DeepSeek, a Chinese AI startup, has made waves in the technology sector both domestically and internationally, marking a significant breakthrough in the industry. Founded by Liang Wenfeng and composed of a small team of 139 engineers and researchers, DeepSeek is capturing attention with its innovative approach and impressive technical achievements. In comparison, larger companies like OpenAI and Anthropic boast teams of 1,200 and over 500 researchers, respectively.
Despite its smaller size, DeepSeek stands out by emphasizing qualities such as “no external funding,” “founder as a card-carrying tycoon,” and “team members all graduates from top Chinese universities like Tsinghua and Peking University.” The company has emerged as a notable player in the AI startup scene.
In December 2024, DeepSeek unveiled its latest open-source model, V3, which has shown exceptional performance in evaluations. It has not only surpassed top open-source models like Alibaba’s Qwen2.5-72B and Meta’s Llama 3.1-405B, but it also competes favorably with leading closed-source models such as GPT-4o and Claude 3.5-Sonnet.
One striking aspect of the DeepSeek V3 model is its complete open-source release post-launch and its significantly lower training costs compared to its competitors. According to data from SemiAnalysis, while training the OpenAI GPT-4 cost around $63 million, the cost for DeepSeek V3 is less than one-tenth of that amount.
Moreover, DeepSeek completed the training of its V3 model on just 2,000 NVIDIA H800 GPUs, a stark contrast to the hundreds of thousands of GPUs typically used by larger Silicon Valley firms. This milestone breaks down barriers in the development of domestic large-scale models, showcasing that high-quality data and superior algorithms can yield high-performance models even with limited computational resources.
Andrej Karpathy, a founding member of OpenAI, expressed admiration for DeepSeek’s performance, stating that the V3 model outperforms Llama3’s strongest variant while using only a fraction of the resources. He remarked, “In the future, we might not need massive GPU clusters anymore.”

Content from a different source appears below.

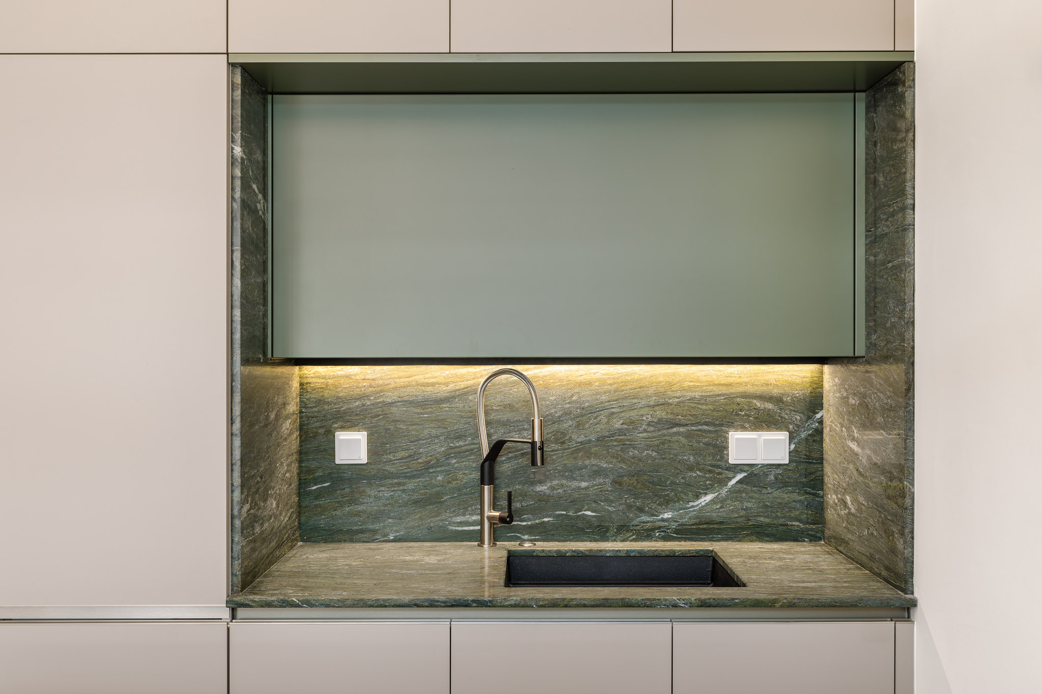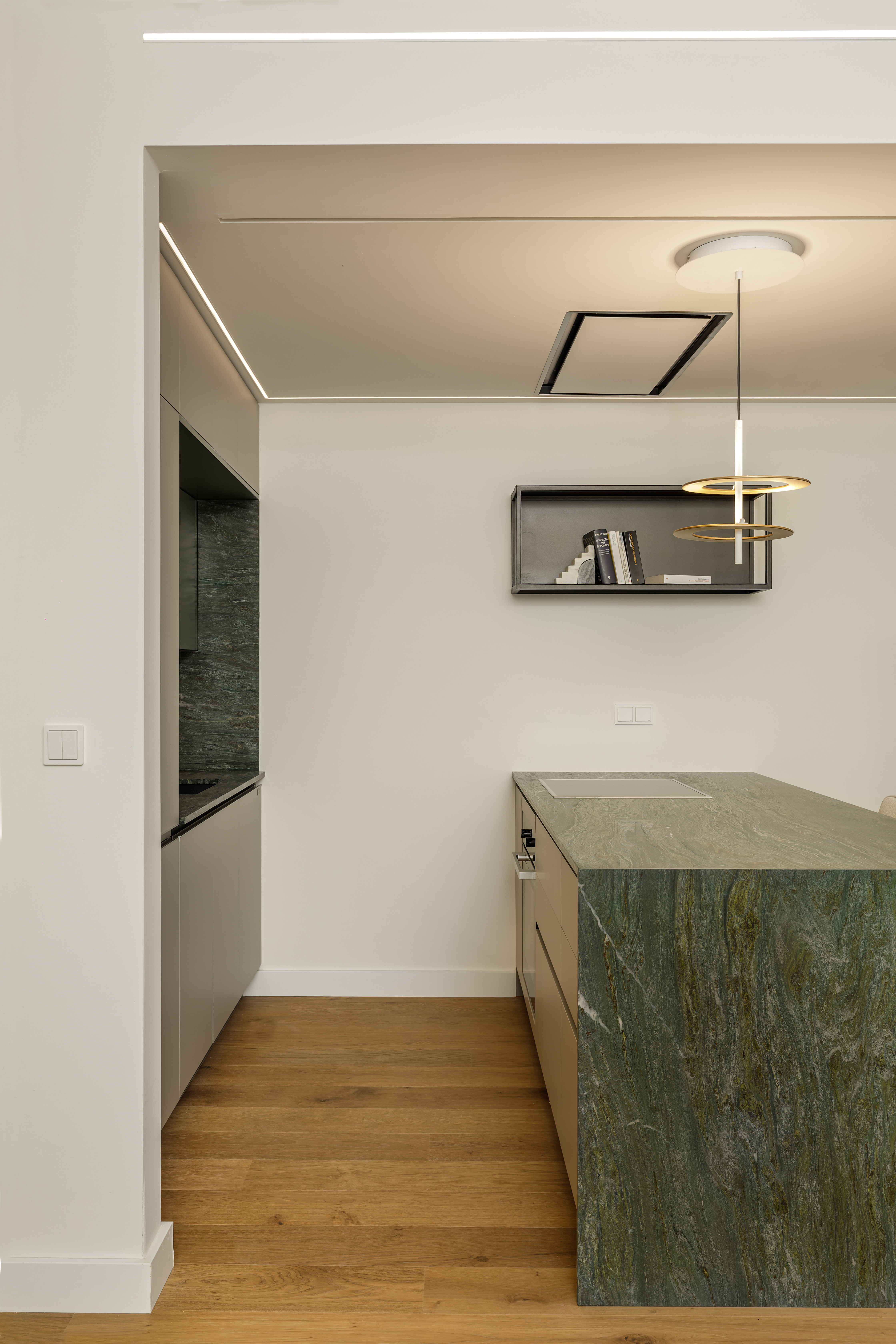 Η κουζίνα σχεδιάστηκε ως προέκταση του καθιστικού και όχι ως ένας τυπικός «οικιακός» χώρος. Με χαρακτήρα περισσότερο bar και λιγότερο παραδοσιακής κουζίνας, ενσωματώνεται πλήρως στη συνολική αισθητική της σαλότραπεζαρίας. Η νησίδα, επενδυμένη με πράσινο μάρμαρο, λειτουργεί ως κεντρικό σημείο κοινωνικής συναναστροφής.
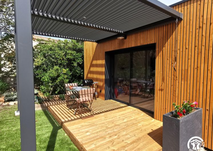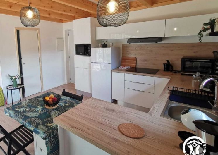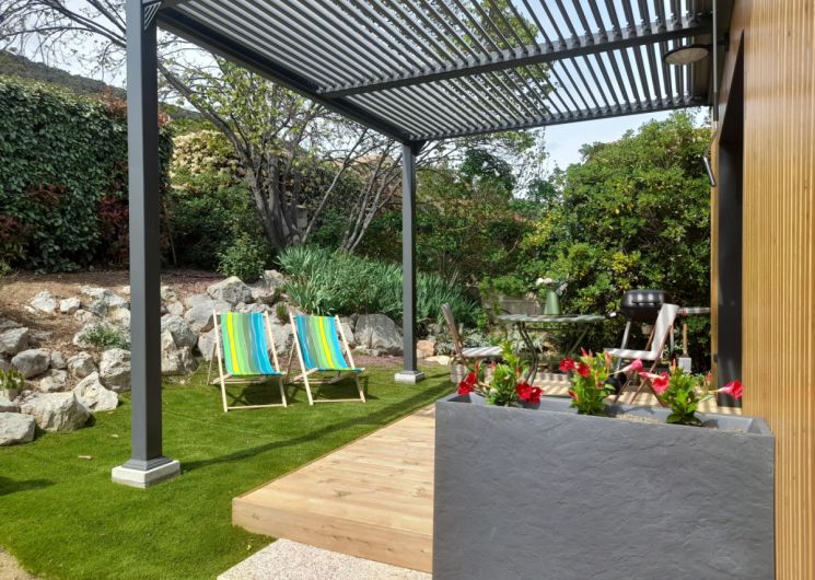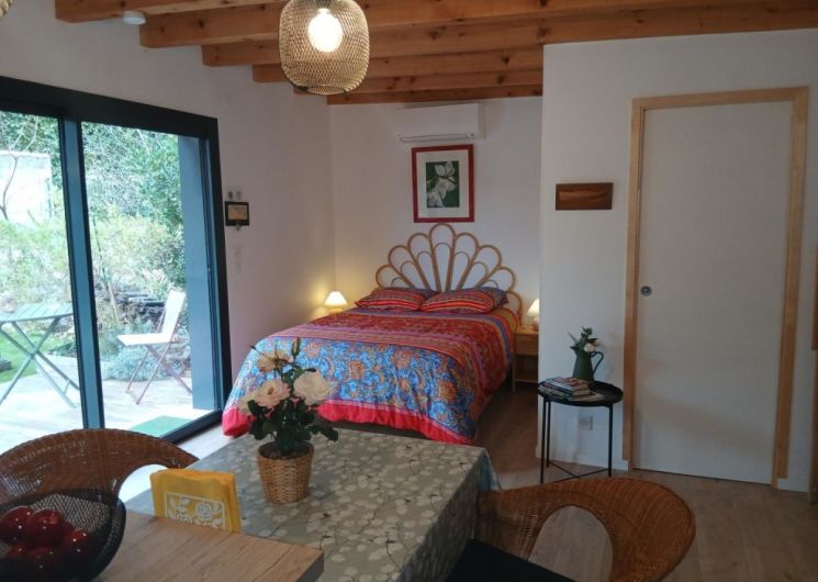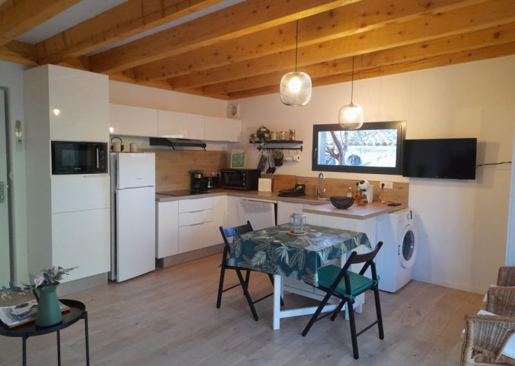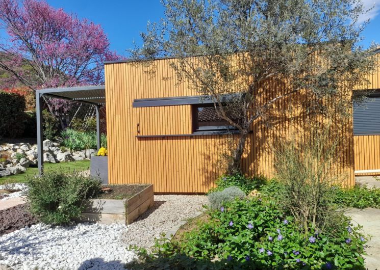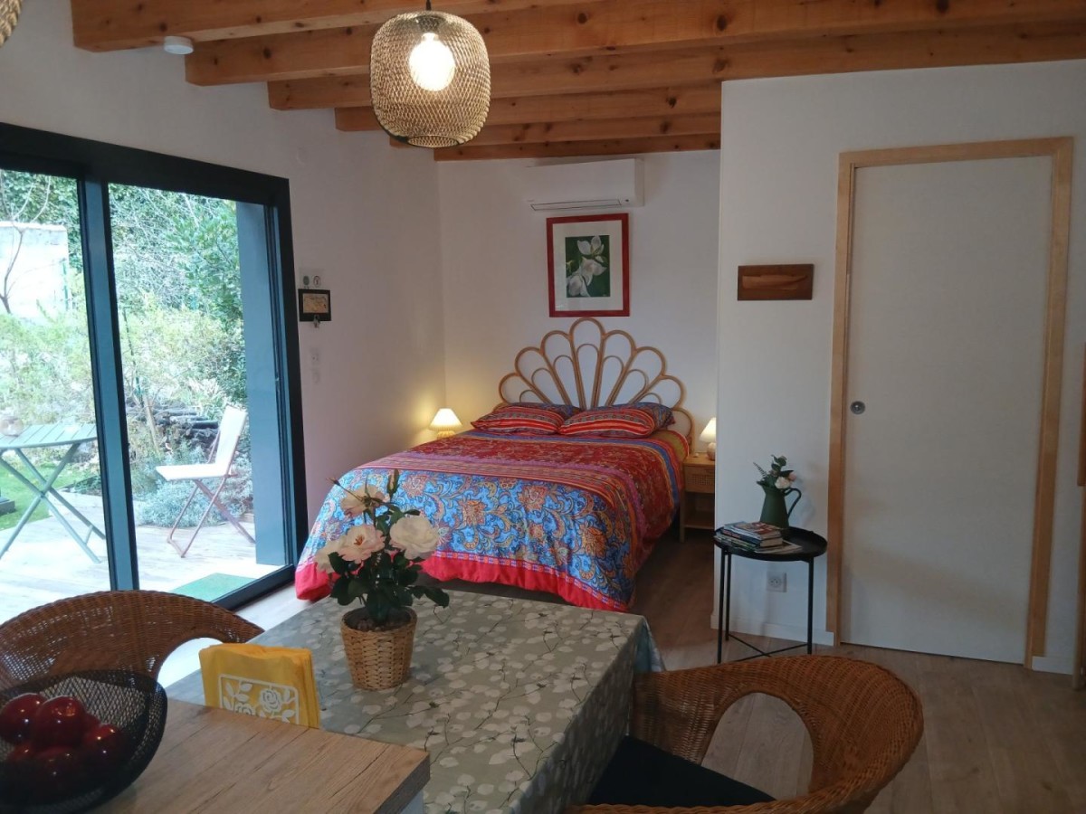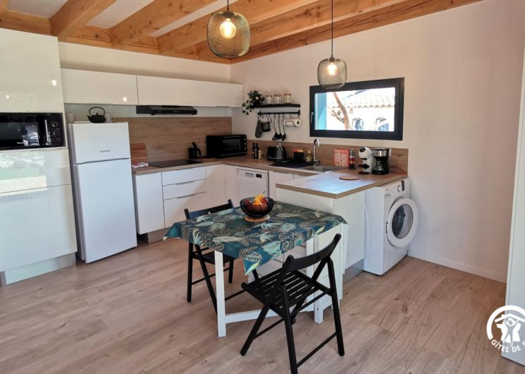 Cette maison d’architecte en bois, construite par les Compagnons du Devoir, a été entièrement pensée afin de vous offrir un cadre de vacances idéal. Vous pourrez profiter d’un jardin sans vis-à-vis ainsi que d’une terrasse ombragée avec un barbecue électrique. L’intérieur du gîte est moderne. Vous y trouverez une grande pièce à vivre avec une cuisine neuve et toute équipée: lave-vaisselle, four, micro-ondes, réfrigérateur, congélateur.. Vous disposerez d’un lit confortable en 160x200cm. La salle de bain est elle aussi neuve et équipée d’une douche à l’italienne, d’un porte- serviettes et d’un sèche cheveux. Pour votre confort, le gîte est équipée d’un télévision, d’une connexion Wifi, d’une machine à laver et de la climatisation. Aussi, le gîte est loué toutes charges incluses, linge de lit et de toilette fournis. Une place de stationnement couverte ainsi qu’une borne de recharge électrique sont à votre disposition (refacturation). Classement meublé de tourisme : 3 étoiles. ATTRAITS TOURISTIQUES Vailhauquès est un petit village charmant située dans le sud de la France, il est idéalement situé entre mer et montagnes. A seulement quelques kilomètres, vous pourrez découvrir la ville historique de Montpellier, ses nombreux sites historiques ainsi que ses commerces et restaurants ( notamment la Place de la Comédie, la cathédrale Saint-Pierre, le Jardin des Plantes et le musée Fabre). Les célèbres plages de la Méditerranée sont situées à seulement une vingtaine de minutes. Les plages les plus proches sont celles de Palavas-les-Flots et des Aresquiers à Frontignan. La ville portuaire de Sète se situe à environ 30min. Vailhauquès est un point de départ stratégique pour également découvrir l’arrière pays, avec les gorges de l’Hérault, les nombreuses grottes et randonnées: Saint Guilhem le désert, le Pic-Saint-loup, l’Abbaye de Valmagne, canoë-Kayak à Laroque La Camargue, cette région naturelle et préservée est quant à elle située à environ une heure de route.

Meta scientist Tian Yuandong was equally impressed, highlighting the model’s capabilities, saying, “FP8 pre-training, MoE, powerful performance on a very limited budget, extracting guidance from CoT… wow! This is great work!”
Liang Wenfeng, the founder of DeepSeek, is not surprised by the accolades, attributing them to the company’s role as an innovative contributor in the global AI competition. He emphasizes that China must gradually become a contributor to technology rather than solely relying on Western innovation.
He also highlighted the importance of establishing a robust technological ecosystem for AI development in China, similar to how Western technology communities have fostered advancements like Moore’s Law and Scaling Law. Liang noted that many domestic chip developments struggle due to a lack of supporting technological communities and access to cutting-edge technology.
DeepSeek is part of a larger company, Huanfang Quantitative, which originates from a quantitative fund and shares similar hiring practices that value local talent. Before officially launching its AI products, DeepSeek invested significant time into internal development and hiring liberal arts graduates to provide essential knowledge. This unique journey positions DeepSeek as a standout in China’s AI innovation landscape, reflecting its commitment to pushing the boundaries of technology.